Friday, December 25, 2009

High Fidelity

Here's how this works. I read a book or two and tell you about them and try not to get too long-winded, and maybe you'd like to think about reading them as well. This time, a review of High Fidelity (Penguin/Riverhead 1995).



There's a blurb on the back of this book, Nick Hornby's debut novel, warning men to keep it away from women. Sound advice. There are some things about fellows that ladies are better off not knowing.

Maybe the most surprising thing about reading the book was learning how very faithful the film adaptation was. I remember that a mailing list that I used to be on was absolutely livid that it was relocated from London to Chicago, but I wasn't distracted by the change of venue at all.

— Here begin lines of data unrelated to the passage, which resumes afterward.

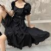 Gotické černé šaty s nafouknutým rukávem Dámské Vintage zavinovací šaty Goth Harajuku čtvercový límec Oblečení s páskem 2022 Summer Emo
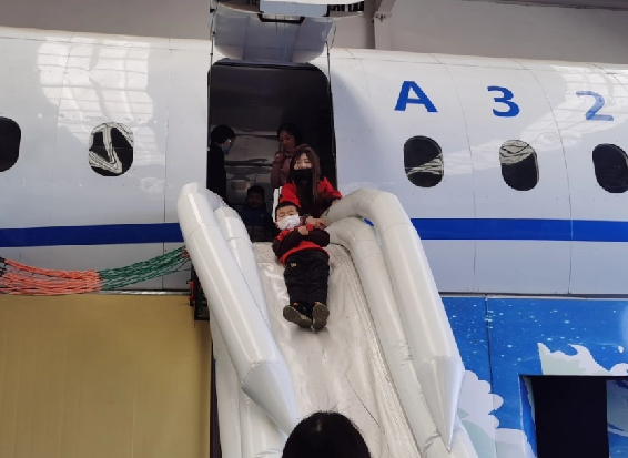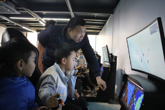 警宝们走进神秘的机库,观摩“休息”的各款飞机真身,聆听讲解员有关飞机知识的讲解,学习航空知识,全方面了解飞行知识,并通过波音737模拟飞行体验,认识基本飞行仪表、掌握飞机操纵方式,起飞、平飞、协调转向和降落等难易不同的飞行科目。看着他们手持操纵杆,坐在模拟飞行器前,目不转睛地看着自己的飞机在空中飞翔,一会儿直冲上天,一会儿坠入海里,心中的责任感油然而生,生怕飞机坠毁。紧张又刺激,真正的过把开飞机的瘾。警宝在爸爸妈妈的带领下个个乐在其中,现场活动气氛浓厚,处处洋溢着愉悦的嬉笑声,仿佛一片欢乐的海洋。
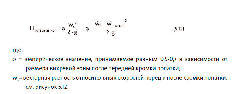Величина потерь при изменении направления потока зависит от разницы относительных скоростей перед и после передней кромки лопатки и рассчитывается с помощью следующей формуы (Pfleiderer og Petermann, 1990, стр. 224):
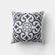 Elegant navy blue and white Hamptons style cushion with a Moroccan tile print front and back

It's a story about archetypes as much as characters, and some folk are the same the world over, especially if they work at or spend lots of time in record stores like Championship Vinyl.

If you are not familiar with it, it's the story of a breakup and its aftereffects. Rob, like all men, can, if he chooses, catalog everything in neat and easily-followed lists. He does not forget the incidents in his past which he has elected to classify as being massively important. If he didn't do that, he'll forget completely in time, which is how some guys can easily remember the names of everybody who took the stage at the Concert for Bangla Desh but have trouble remembering our significant other's extended family. His lover Laura - their names coming from the leads in The Dick Van Dyke Show can't be a coincidence - has become fed up with his complacence and left him.

Rob broods, he justifies, he totally lacks insight into how his actions are perceived, and he's a whole lot like everybody I've ever met or been myself who's just been dumped. Maybe this book is less a secret strategy guide for women dealing with guys as it is a reminder to men that it's okay; we're all like that sometimes. Happily recommended.